291 F. Supp. 603 | D. Kan. | 1968
MEMORANDUM OF DECISION
This is an action for the refund of income taxes deducted and withheld from the wages of employees and paid to the defendant by plaintiff.
The facts have been stipulated by the parties, and a hearing was held by the court on February 15, 1968, in which plaintiff’s minister testified as to the church’s beliefs and operations relevant to this action.
The taxes involved were deducted and withheld from the wages of plaintiff’s organist, pianist, choir director, janitor, and church clerk. Plaintiff has filed returns for and paid the amounts in controversy, and a refund claim was disallowed by the District Director of Internal Revenue on May 29, 1967.
The plaintiff’s arguments, set out in the pretrial order agreed to by both parties, are:
(1) The church cannot be made a trustee or collection agency against its will;
(2) The First Amendment to the Constitution renders the Internal Revenue Service powerless to enforce against churches the statutory duty of withholding from wages of their employees;
(3) It is not the intent of Congress to require churches to withhold taxes*604 from the wages of its employees; and
(4) It is against plaintiff’s religious belief for it to be made a “servant of the Federal Government.”
Defendant’s argument, as reflected by the pretrial order, is that plaintiff is not exempt from the duty to deduct and withhold income tax from the wages of its employees, except for payments to its minister.
The withholding requirement imposed upon employers is set forth in 26 U.S. C.A. § 3402:
“(a) Requirement of withholding. —Every employer making payment of wages shall deduct and withhold upon such wages (except as otherwise provided in this section) a tax determined in accordance with the following tables. * * * ”
It is this provision which plaintiff contends is in conflict with the First Amendment’s guarantees respecting the freedom of religion.
The Supreme Court has indicated this limitation on the rights urged by plaintiff:
“We do not mean to say that religious groups and the press are free from all financial burdens of government. See Grosjean v. American Press Co., 297 U.S. 233, 250, 56 S.Ct. 444, 449, 80. L.Ed. 660. We have here something quite different, for example, from a tax on the income of one who engages in religious activities or a tax on property used or employed in connection with those activities. It is one thing to impose a tax on the income or property of a preacher. It is quité another thing to exact a tax from him for the privilege of delivering a sermon. * * * The power to tax the exercise of a privilege is the power to control' or suppress its enjoyment.” Murdock v. Com. of Pennsylvania, 319 U.S. 105, 112, 63 S.Ct. 870, 874, 87 L.Ed. 1292 (1943).

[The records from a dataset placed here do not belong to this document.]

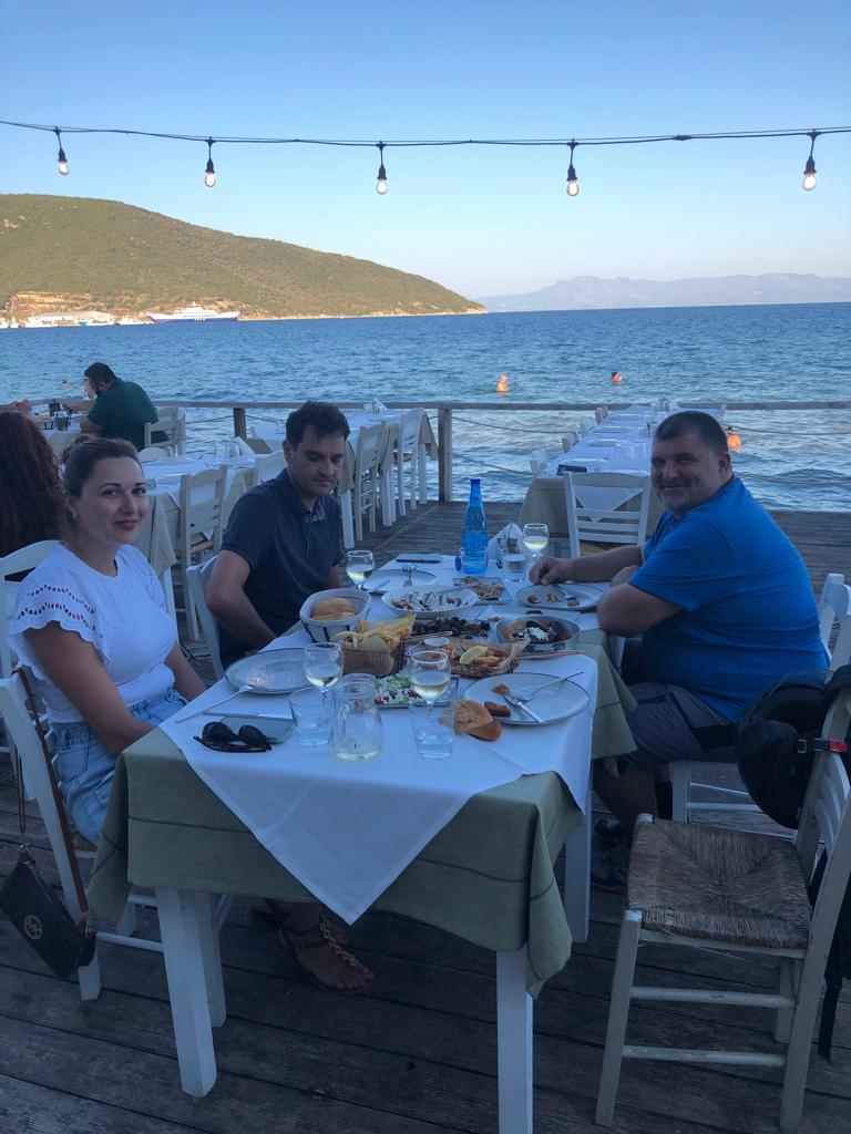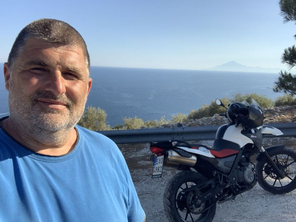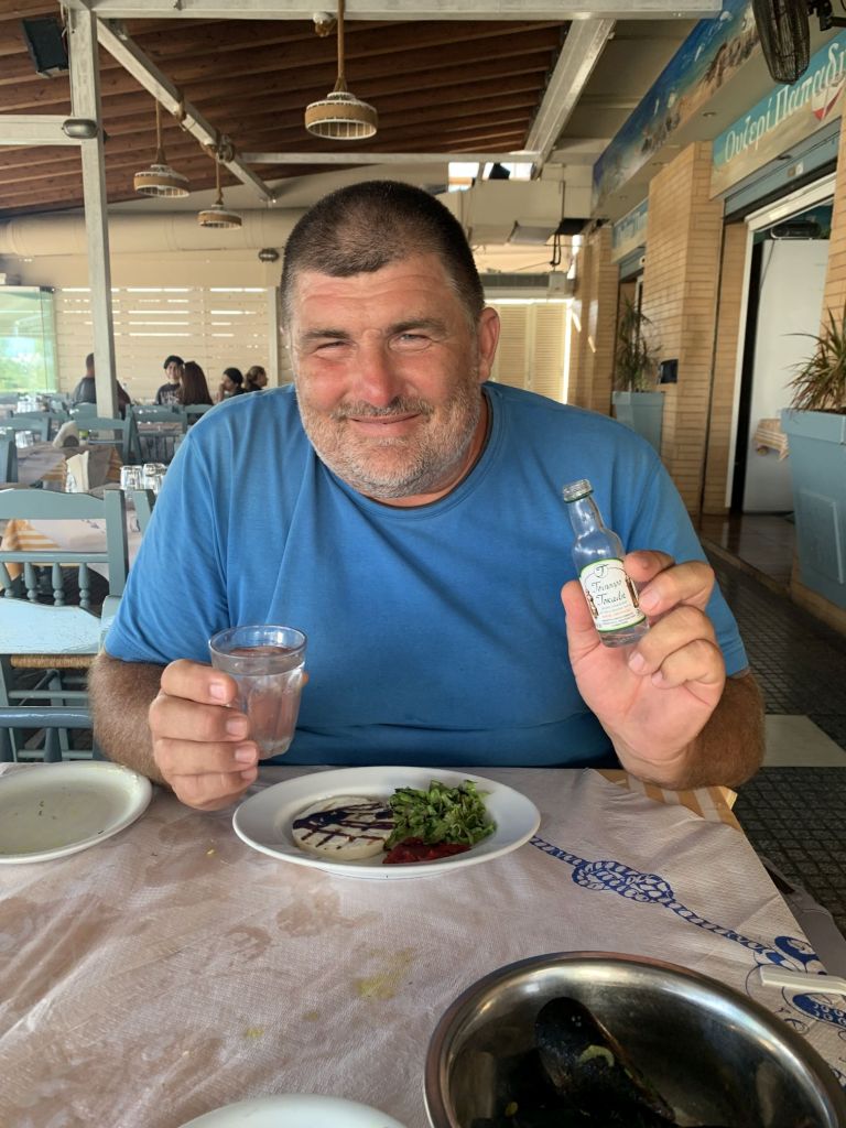 Die zweite Information ist der Grund, warum wir nun nach Nea Peramos zum Essen fahren. Sie ist wichtig für das weitere Verständnis unserer Reise. Ich habe vor einigen Jahren einem Kunden der an einer Motorenschulung von mir teilgenommen hatte versprochen, dass ich ihn besuche, sollte ich jemals in die Nähe seines Heimatortes kommen. Er sagte damals er wohne nahe Thessaloniki.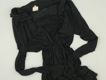 Długi kardigan damski, czarny - Fason: długi, otwarty (bez zapięcia) - Rękaw: długi, ściągacz przy mankiecie - Kieszenie: dwie naszywane z przodu - Struktura dzianiny: prążkowana w górnej części i...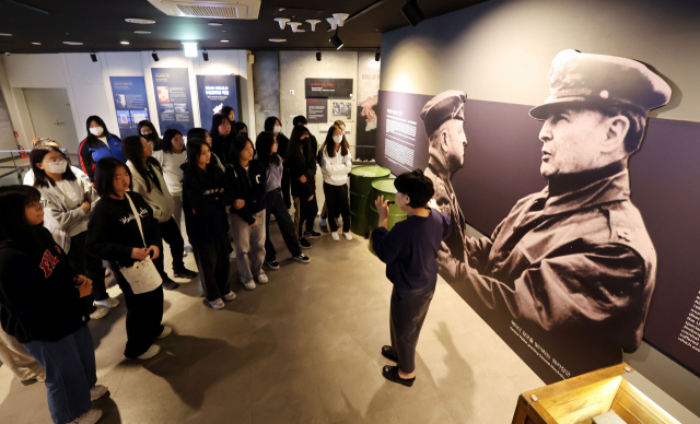 지난달 8일 부산해운대교육지원청의 평화·통일 역사 체험 프로그램에 참가한 학생들이 UN평화기념관에서 한국전쟁과 UN군 등에 대한 설명을 듣고 있다. 정종회 기자 jjh@
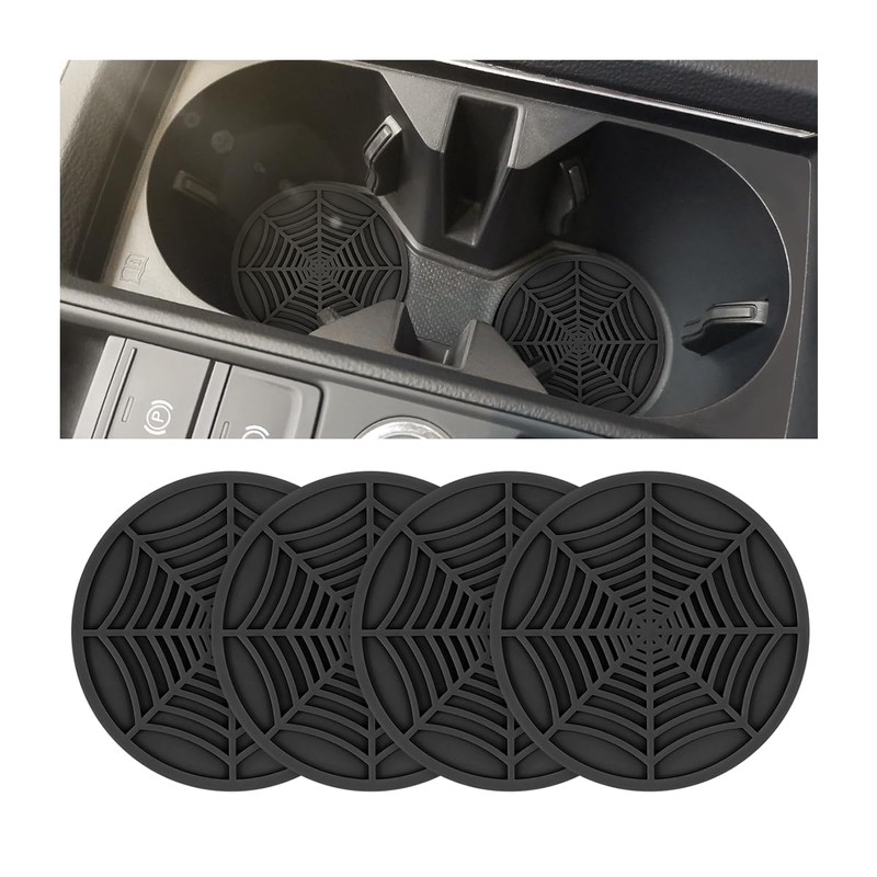 BESULEN Car Cup Coasters, 4 Pack Spider Web PVC Non-Slip Drink Mat, 2.75 Inch Universal Auto Cup Holder Insert Drainage Coasters, Car Interior Accessories Ornaments for SUV, Truck, Sedan (Black)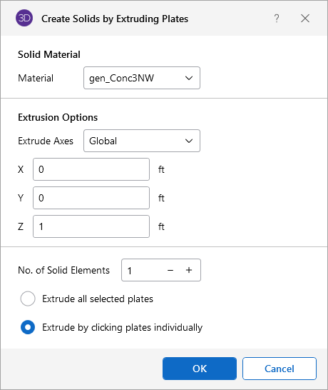 The “Create Solids by Extruding Plates” window lets you take any existing plate and extrude it out into a three dimensional object.
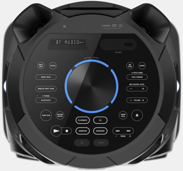 Zajistěte, ať se všichni na párty baví, ať už jsou s vámi kdekoli – s všesměrovým párty zvukem. Díky výkonným výškovým reproduktorům a účinným a šikmým středopásmovým reproduktorům hudba osloví všechny účastníky párty – ať už budou stát nebo sedět, zpívat či tancovat. Atmosféru zajistíte pulzujícím všesměrovým párty osvětlením a osvětlením reproduktoru. Další zábavu zajistí funkce karaoke, ovládání gesty a aplikace Fiestable. Připojení k televizoru umožní výstup HDMI™ (ARC).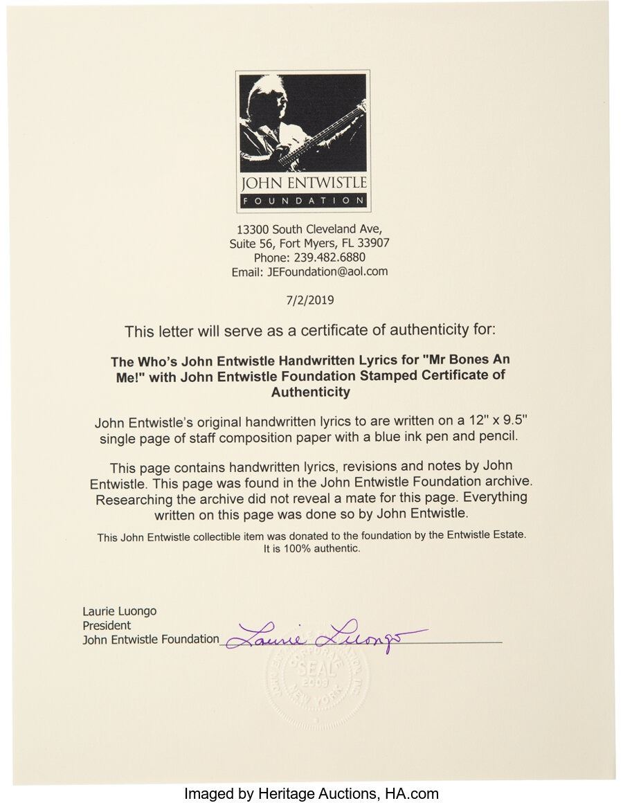 Entwistle also writes chords for the song at the top and bottom of the page, which measures 9.5" x 12". In Very Good condition with toning on the page, left edge is rough, and there are a few soil spots. COAs from the John Entwistle Foundation and Heritage Auctions.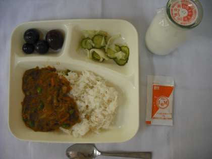今日は、アレルギーで小麦粉を食べることができない児童にも同じ給食が食べられるように米粉のカレールウを使ったドライカレーと卵アレルギーの児童も食べられるマヨネーズ風のドレッシングがついたサラダが登場しました。

The Tax Court, citing the Murdock case, in Muste v. Commissioner, 35 T.C. 913, 918 (1961), explained the standard this way:
“It is clear, therefore, that a taxing statute is not contrary to the provisions of the first amendment unless it directly restricts the free exercise by an individual of his religion. We think it clear that, within the intendment of the first amendment, the Internal Revenue Code, in imposing the income tax and requiring the filing of returns and the payment of the tax, is not to be considered as restricting an individual’s free exercise of his religion.”
I must rule that the plaintiff is bound by the provisions of 26 U.S.C.A. § 3402. In so ruling, I do not mean to question the sincerity of plaintiff’s beliefs. I simply hold that there is no conflict between this statute and the First Amendment to the Constitution. Judgment will be entered for the defendant. Counsel for the defendant will prepare and submit an appropriate judgment entry.